Problem statement: Write the listing below out again exactly, dropping the images.

□ □ □ □

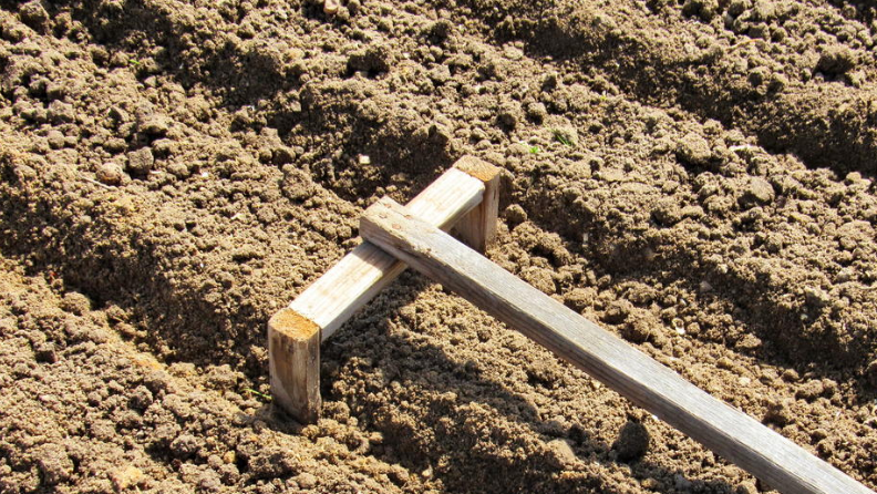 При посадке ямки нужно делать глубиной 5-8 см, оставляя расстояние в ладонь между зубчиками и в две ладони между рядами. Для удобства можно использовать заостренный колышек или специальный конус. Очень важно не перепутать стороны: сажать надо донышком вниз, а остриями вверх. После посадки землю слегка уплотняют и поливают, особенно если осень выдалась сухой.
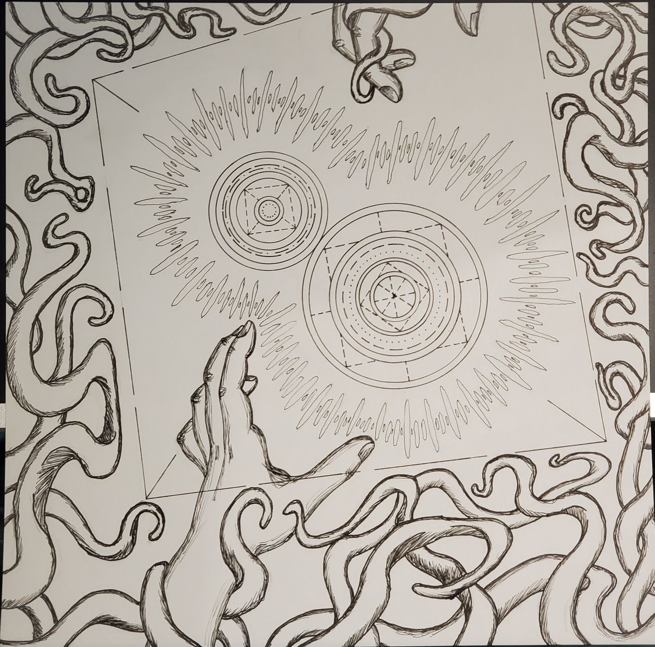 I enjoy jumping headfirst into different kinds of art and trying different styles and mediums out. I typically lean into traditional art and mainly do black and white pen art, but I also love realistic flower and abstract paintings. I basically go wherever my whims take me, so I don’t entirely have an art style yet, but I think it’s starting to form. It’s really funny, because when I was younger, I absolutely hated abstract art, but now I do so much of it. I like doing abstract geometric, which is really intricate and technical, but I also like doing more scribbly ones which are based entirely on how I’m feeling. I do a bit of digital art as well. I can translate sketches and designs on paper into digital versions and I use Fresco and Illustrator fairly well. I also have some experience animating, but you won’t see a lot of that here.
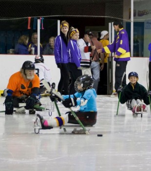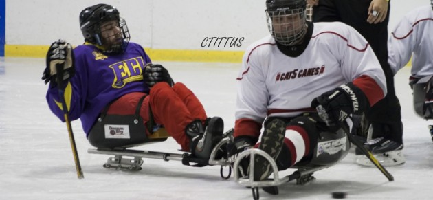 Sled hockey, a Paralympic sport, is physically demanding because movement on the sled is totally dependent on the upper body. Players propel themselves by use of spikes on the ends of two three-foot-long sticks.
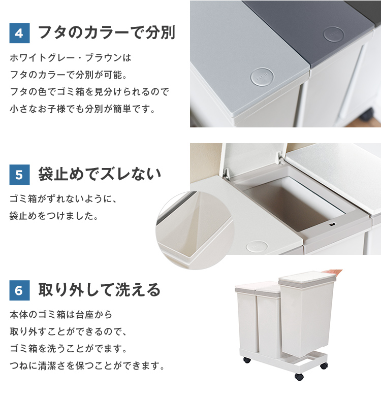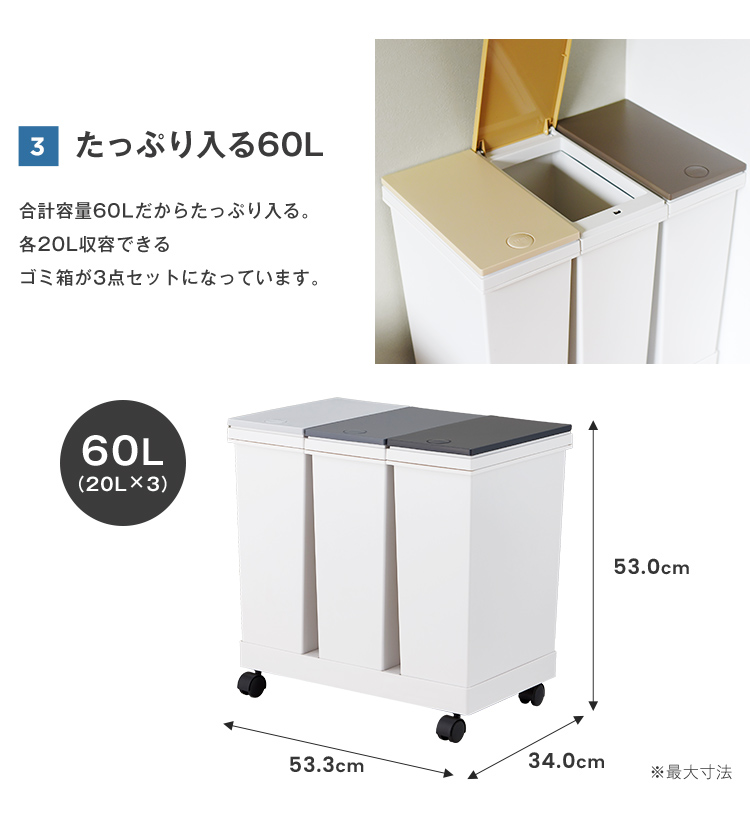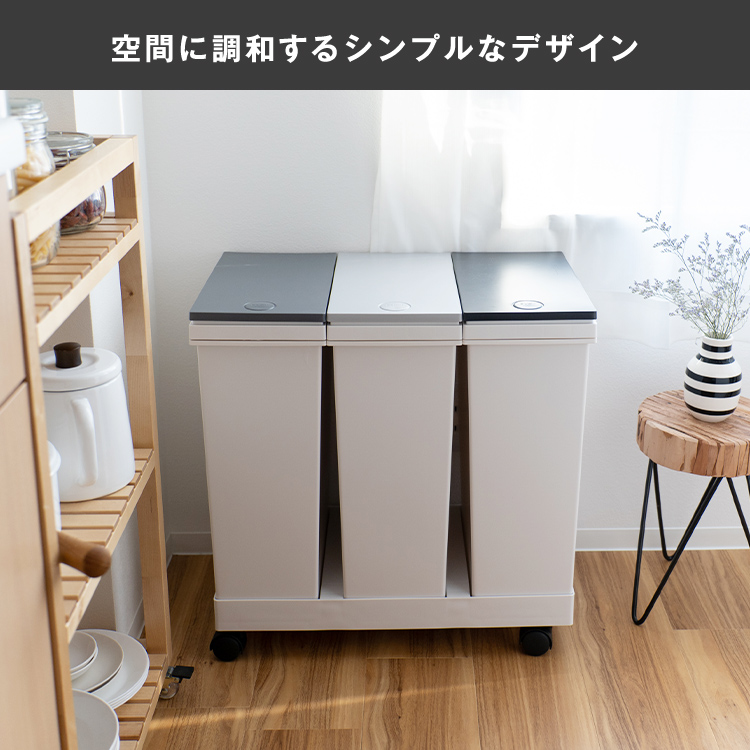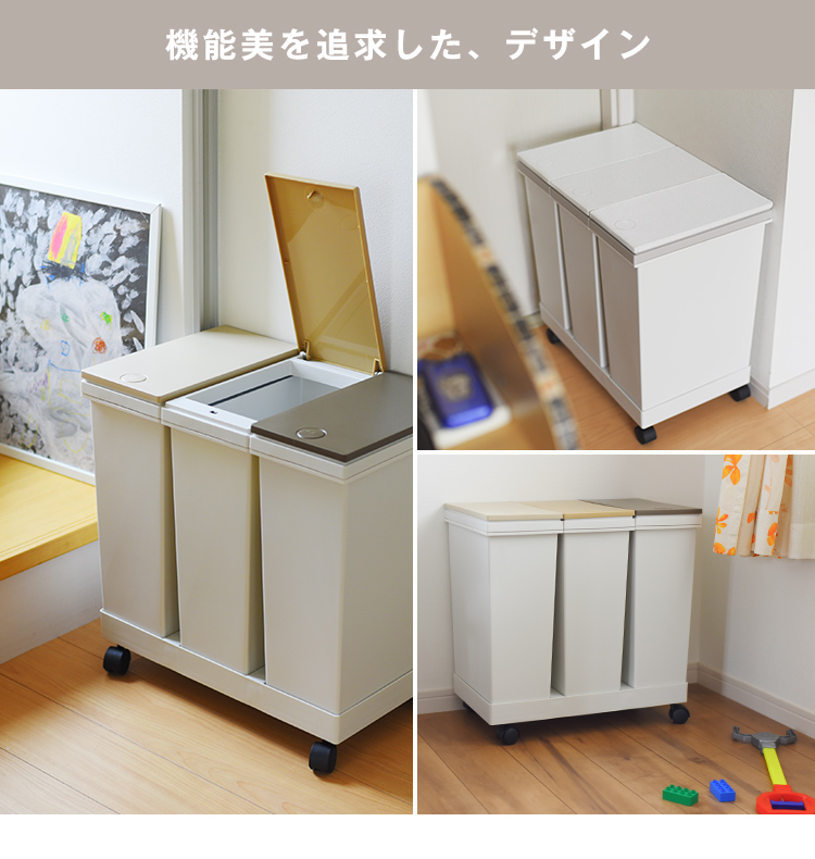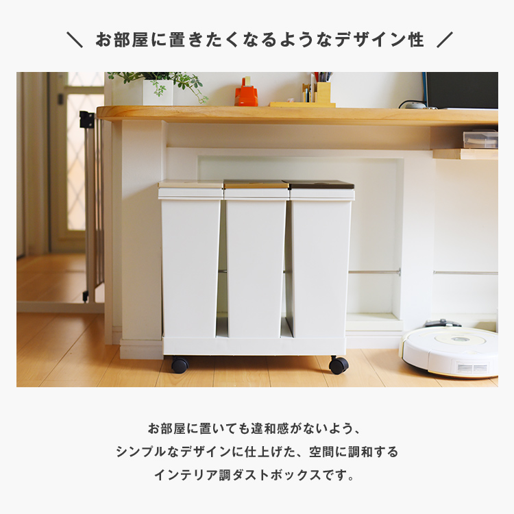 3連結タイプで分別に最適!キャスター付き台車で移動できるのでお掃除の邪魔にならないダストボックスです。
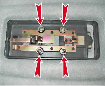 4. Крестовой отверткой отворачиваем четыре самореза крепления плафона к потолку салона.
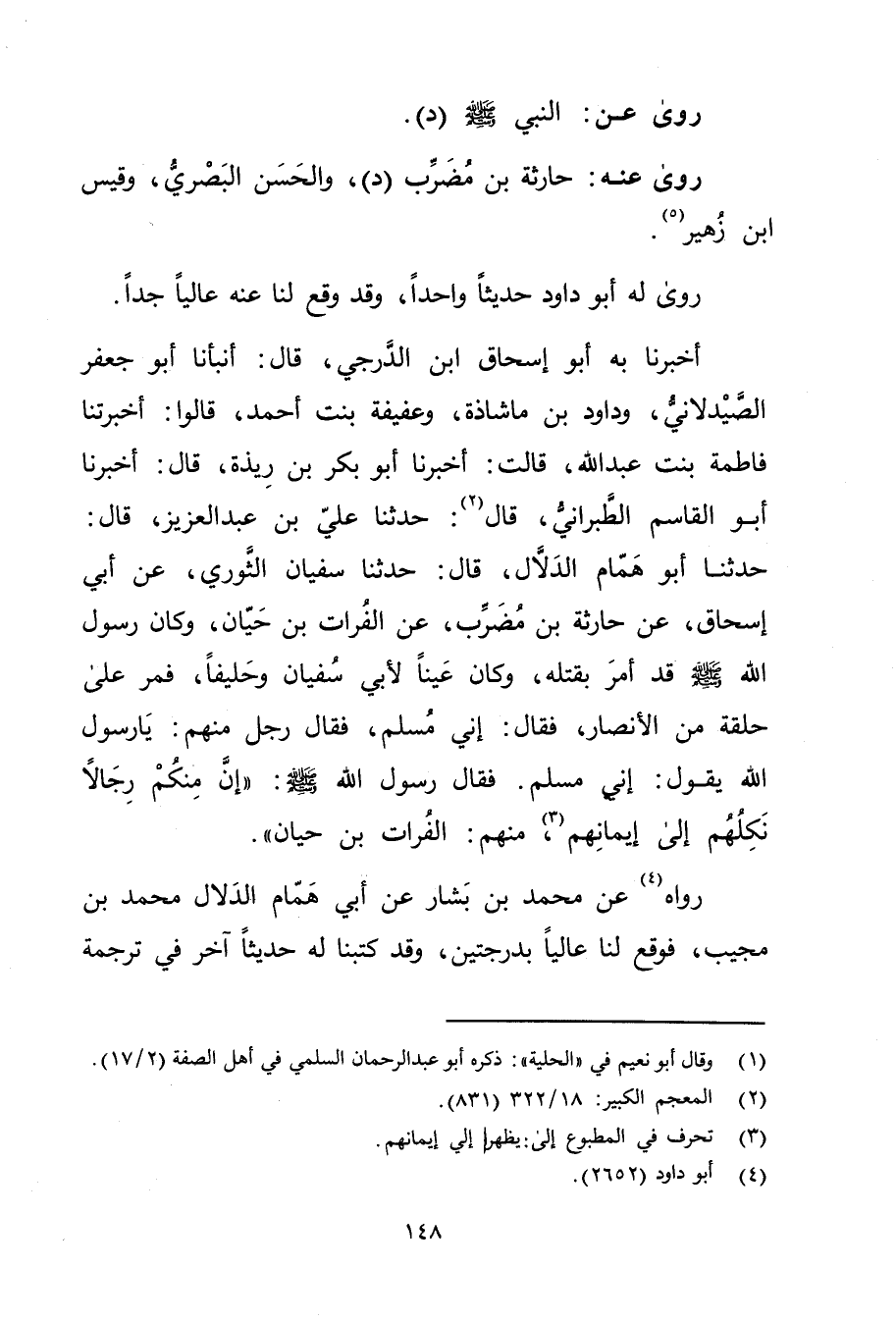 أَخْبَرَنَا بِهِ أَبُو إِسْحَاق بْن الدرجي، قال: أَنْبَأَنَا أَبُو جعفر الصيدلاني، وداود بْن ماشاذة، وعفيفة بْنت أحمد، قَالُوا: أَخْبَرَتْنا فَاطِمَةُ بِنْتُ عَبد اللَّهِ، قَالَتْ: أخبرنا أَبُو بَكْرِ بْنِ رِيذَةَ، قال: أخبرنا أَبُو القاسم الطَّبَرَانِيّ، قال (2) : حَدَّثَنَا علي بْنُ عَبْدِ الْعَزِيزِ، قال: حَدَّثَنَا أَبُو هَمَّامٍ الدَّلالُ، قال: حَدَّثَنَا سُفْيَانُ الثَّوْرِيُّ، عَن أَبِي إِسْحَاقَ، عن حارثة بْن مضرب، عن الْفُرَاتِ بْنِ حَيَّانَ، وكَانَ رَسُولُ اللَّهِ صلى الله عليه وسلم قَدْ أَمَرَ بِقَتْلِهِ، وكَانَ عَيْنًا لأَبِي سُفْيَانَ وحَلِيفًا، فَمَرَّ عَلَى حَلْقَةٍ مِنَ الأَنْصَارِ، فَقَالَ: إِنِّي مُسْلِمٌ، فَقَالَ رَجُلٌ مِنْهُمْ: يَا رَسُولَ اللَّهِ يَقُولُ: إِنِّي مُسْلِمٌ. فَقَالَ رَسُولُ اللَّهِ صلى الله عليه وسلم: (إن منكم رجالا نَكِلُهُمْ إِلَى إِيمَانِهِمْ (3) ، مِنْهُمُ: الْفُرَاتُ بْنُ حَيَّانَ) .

□ □ □ □

Exercise output:
 При посадке ямки нужно делать глубиной 5-8 см, оставляя расстояние в ладонь между зубчиками и в две ладони между рядами. Для удобства можно использовать заостренный колышек или специальный конус. Очень важно не перепутать стороны: сажать надо донышком вниз, а остриями вверх. После посадки землю слегка уплотняют и поливают, особенно если осень выдалась сухой.
 I enjoy jumping headfirst into different kinds of art and trying different styles and mediums out. I typically lean into traditional art and mainly do black and white pen art, but I also love realistic flower and abstract paintings. I basically go wherever my whims take me, so I don’t entirely have an art style yet, but I think it’s starting to form. It’s really funny, because when I was younger, I absolutely hated abstract art, but now I do so much of it. I like doing abstract geometric, which is really intricate and technical, but I also like doing more scribbly ones which are based entirely on how I’m feeling. I do a bit of digital art as well. I can translate sketches and designs on paper into digital versions and I use Fresco and Illustrator fairly well. I also have some experience animating, but you won’t see a lot of that here.
 Sled hockey, a Paralympic sport, is physically demanding because movement on the sled is totally dependent on the upper body. Players propel themselves by use of spikes on the ends of two three-foot-long sticks.
 3連結タイプで分別に最適!キャスター付き台車で移動できるのでお掃除の邪魔にならないダストボックスです。
 4. Крестовой отверткой отворачиваем четыре самореза крепления плафона к потолку салона.
 أَخْبَرَنَا بِهِ أَبُو إِسْحَاق بْن الدرجي، قال: أَنْبَأَنَا أَبُو جعفر الصيدلاني، وداود بْن ماشاذة، وعفيفة بْنت أحمد، قَالُوا: أَخْبَرَتْنا فَاطِمَةُ بِنْتُ عَبد اللَّهِ، قَالَتْ: أخبرنا أَبُو بَكْرِ بْنِ رِيذَةَ، قال: أخبرنا أَبُو القاسم الطَّبَرَانِيّ، قال (2) : حَدَّثَنَا علي بْنُ عَبْدِ الْعَزِيزِ، قال: حَدَّثَنَا أَبُو هَمَّامٍ الدَّلالُ، قال: حَدَّثَنَا سُفْيَانُ الثَّوْرِيُّ، عَن أَبِي إِسْحَاقَ، عن حارثة بْن مضرب، عن الْفُرَاتِ بْنِ حَيَّانَ، وكَانَ رَسُولُ اللَّهِ صلى الله عليه وسلم قَدْ أَمَرَ بِقَتْلِهِ، وكَانَ عَيْنًا لأَبِي سُفْيَانَ وحَلِيفًا، فَمَرَّ عَلَى حَلْقَةٍ مِنَ الأَنْصَارِ، فَقَالَ: إِنِّي مُسْلِمٌ، فَقَالَ رَجُلٌ مِنْهُمْ: يَا رَسُولَ اللَّهِ يَقُولُ: إِنِّي مُسْلِمٌ. فَقَالَ رَسُولُ اللَّهِ صلى الله عليه وسلم: (إن منكم رجالا نَكِلُهُمْ إِلَى إِيمَانِهِمْ (3) ، مِنْهُمُ: الْفُرَاتُ بْنُ حَيَّانَ) .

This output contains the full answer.